The Galerie du travail at the Paris exhibitions is always a most remarkable sight. One can appreciate in it both the variety of the small. industries which are carried on in French towns and the skill and inventing powers of the workers. And the question necessarily arises: Must all this skill, all this intelligence, be swept away by the factory, instead of becoming a new fertile source of progress under a better organisation of production? must all this independence and inventiveness of the worker disappear before the factory levelling? and, if it must, would such a transformation be a progress, as so many economists who have only studied figures and not human beings are ready to maintain?

At any rate, it is quite certain that even if the absorption of the French petty trades by the big factories were possible — which seems extremely doubtful — the absorption would not be accomplished so soon as that. The small industry of Paris fights hard for its maintenance, and it shows its vitality by the numberless machine-tools which are continually invented by the workers for improving and cheapening the produce.

The numbers of motors which were exhibited at the last exhibitions in the Galerie du travail bear a testimony to the fact that a cheap motor, for the small industry, is one of the leading problems of the day. Motors weighing only forty-five lb., including the boiler, were exhibited in 1889 to answer that want.
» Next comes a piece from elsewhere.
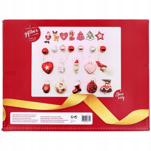 Kalendoriuje yra 24 atskiri langeliai, o už jų – skirtingi, itin mieli žaisliukai: sniego seniukai, mini širdelės, žvaigždutės, automobiliai, paukšteliai, angeliukai, eglutės, mažos figūrėlės ir kiti Kalėdų simboliai. Ši raudonoji versija ypač spindi šventiškumu – žaisliukai raudonų, baltų, aukso ir žiemiškų tonų, kurie sukuria klasikinę Kalėdų nuotaiką.

Small two-horsepower engines, fabricated by the engineers of the Jura (formerly watch-makers) in their small works-hops, were at that time another attempt to solve the problem to say nothing of the water, gas and. electrical motors. 168 The transmission of steam-power to 230 small workshops which was made by the Société des Immeubles industriels was another attempt in the same direction, and the increasing efforts of the French engineers for finding out the best means of transmitting and subdividing power by means of compressed air, “tole-dynamic cables,” and electricity are indicative of the endeavours of the small industry to retain its ground in the face of the competition of the factories. (See Appendix V.)

Such are the small industries in France, as they have been described by observers who saw them on the spot. It is, however, most interesting to have exact statistical items concerning the extension of the small industries, and to know their importance, in comparison with the, great industry. Fortunately enough, a general census of the French industries was made in the year 1896; its results have been published in full, under the title of Résultats statistiques du recensement des industries et des professions, and in the fourth volume of this capital work we find an excellent summing up of the main results of the census, written by M. Lucien March. I give a résumé of these results in the Appendix, as otherwise I should have been compelled, in speaking of the distribution of great and small industry in France, to repeat very much what I have said in this same chapter, speaking of the United Kingdom. There is so much in common in the distribution of small and large factories in the different branches of industry in both countries that it would have been a tedious repetition. So I give here only the main items and refer the reader to Appendix W.

The general distribution of the workers’ population in large, middle-sized, and small factories in the year 1896 was as follows. First of all there was the great division of independent artisans who worked single-banded, and working men and women who were without permanent employment on the day of the census. Part of this large division belongs to agriculture but, after having deducted the agricultural establishments, M. March arrives at the figures of 483,000 establishments belonging to this category in industry, and 1,047,000 persons of both sexes working in these establishments, or temporarily attached to some industrial establishment. To these we must add 37,705 industrial establishments, where no hired workmen are employed, but the head of the establishment works with the aid of the members of his own family. We have thus, in these two divisions, about 520,700 establishments and 1,084,700 persons which I inscribe in the following table under the head of “No hired operatives.” The table then appears as follows: —

          
Number of Establishments and clerks   Number of operatives 
No hired operatives   520,700   1,084,700 
From 1 to 10 employees   539,449   1,134,700 
From 11 to 50 ”   28,626   585,000 
From 51 to 100 ”   3,865   268,000 
From 101 to 500 ”   3,145   616,000 
From 501 to 1000 ”   295   195,000 
More than 1000 ”   149   313,000 
575,529   3,111,700 
Total (with first division)   1,096,229   4,196,400 

These figures speak for themselves and show what an immense importance the small industry has in France. More details, showing the distribution of the great, middle-sized and small industry in different branches will be found in the Appendix, and there the reader will also see what a striking resemblance is offered under this aspect by the industry of France and that of the United Kingdom. In the next chapter it will be seen from a similar census that Germany stands in absolutely the same position.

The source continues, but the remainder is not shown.